18. The oppressed body then assumed its intellectual or spiritual form lingadeha; which was a living subtile body as air or light but without its acts of breathing the vital air. (The aerial spirit has vitality, without inhaling or exhaling the vital air).

19. This body growing by degrees to its rarefied form by its imagination, became of the form of the inner mind, which was felt to reside within the heart. (But the mind is seated in the brain, and not in the heart).

20. It thought in itself of having become a pure and living liberated seer or sage, in which state it seemed to pass a hundred years under the shade of a Kadamba tree, in the romantic grove of the Kailása mountain (a peak of the Himalayas).

21. It seemed of taking the form of a Vidyádhara for a century of years, in which state it was quite free from the diseases of humanity. It next thought of becoming the great Indra who is served by the celestials, and passing full five Yuga ages in that form.

22. Ráma said:—Let me ask you, Sir, how could the mind of the sage conceive itself as the Indra and Vidyádhara, whom it had never seen, and how could it have the ideas of the extensive Kailása and of the many ages in its small space of the cell, which is impossible in nature.

23. Vasishtha replied.—The Intellect is all comprehending and all pervading, and wherever it exerts its power in any form, it immediately assumes the same by its own nature. Thus the undivided intellect exhibits itself in various forms throughout the whole creation.

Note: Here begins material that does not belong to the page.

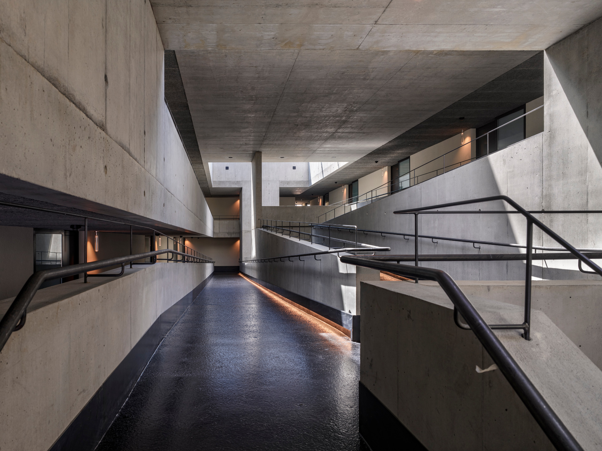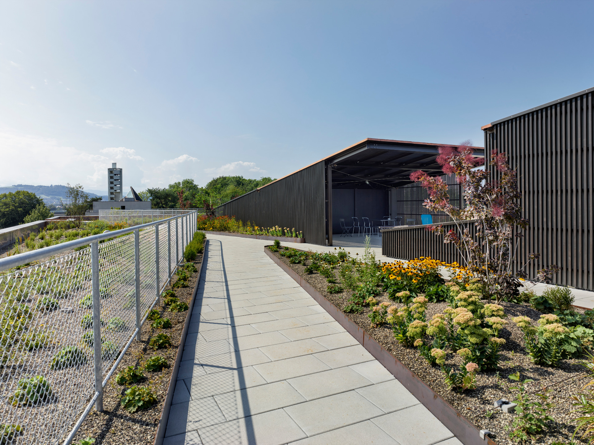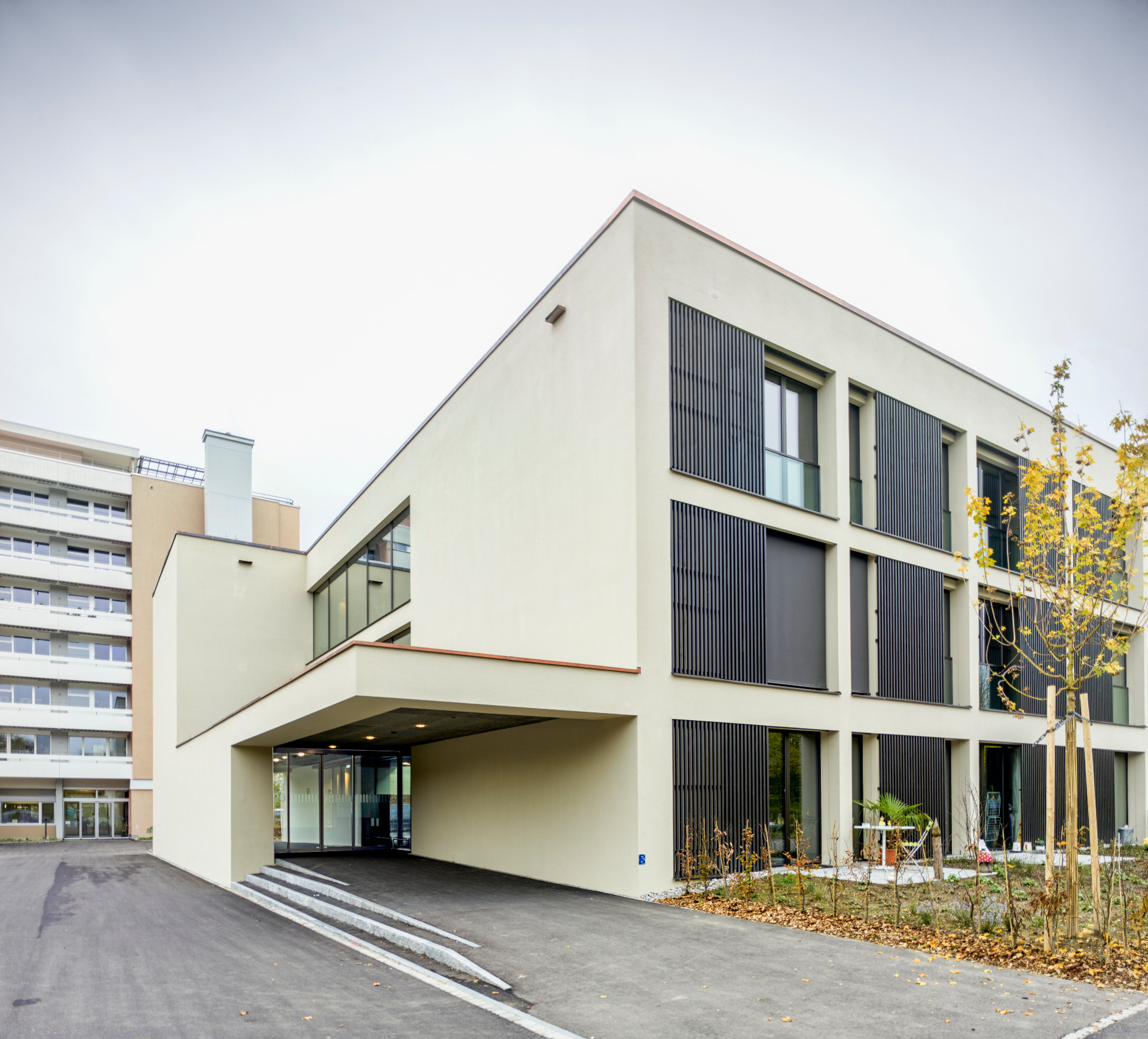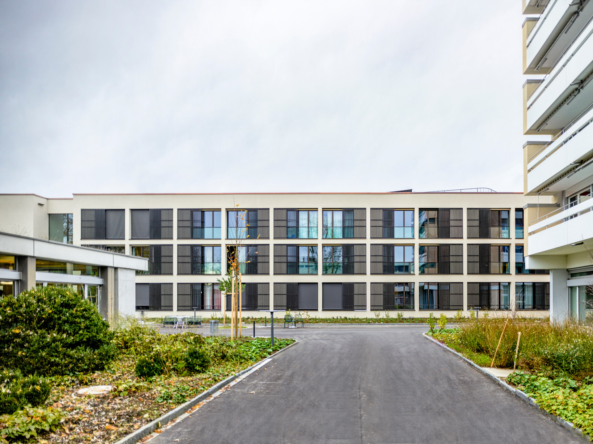 Im Rossfeld entstehen 45 Wohnungen für Menschen mit körperlicher Behinderung. Sie richten sich an Personen, die selbständig wohnen, im benachbarten Wohnheim aber punktuell Dienstleistungen beziehen möchten. Die frei geführten Parkwege der Umgebung werden im Gebäudeinnern als attraktive Rampenanlage weitergeführt. Diese rollstuhlgängige Erschliessung aller Wohnungen wird als einladende Begegnungszone zum Zentrum des Hauses und vermittelt den Bewohnern das gewünschte Gefühl von grösstmöglicher Mobilität.

24. It is the nature of the intellect to exhibit itself in any form, as it represents itself in the understanding; and it is its nature to become whatever it pleases to be at any place or time. (It is the nature of the finite heart to be confined in the finite cell of the body, but the nature of the infinite intellect grasps all and every thing at once in itself, as it ranges through and comprehends the whole and every part of the universe within it).

25. So the impersonal sage saw himself in various forms and personalities in all the worlds, in the ample sphere of his consciousness within the narrow space of his heart. (The heart is said to be the seat of the soul. And so says Pope. “As full and perfect in a hair as heart”).

26. The man of perfect understanding, has transformed his desires to indifference; and the desires of men like seeds of trees, being singed by the fire of intelligence; are productive of no germ of acts.

27. He thought to be an attendant on the god (Siva), bearing the crescent of the moon on his forehead, and became acquainted with all sciences, and the knowledge of all things past, present and future.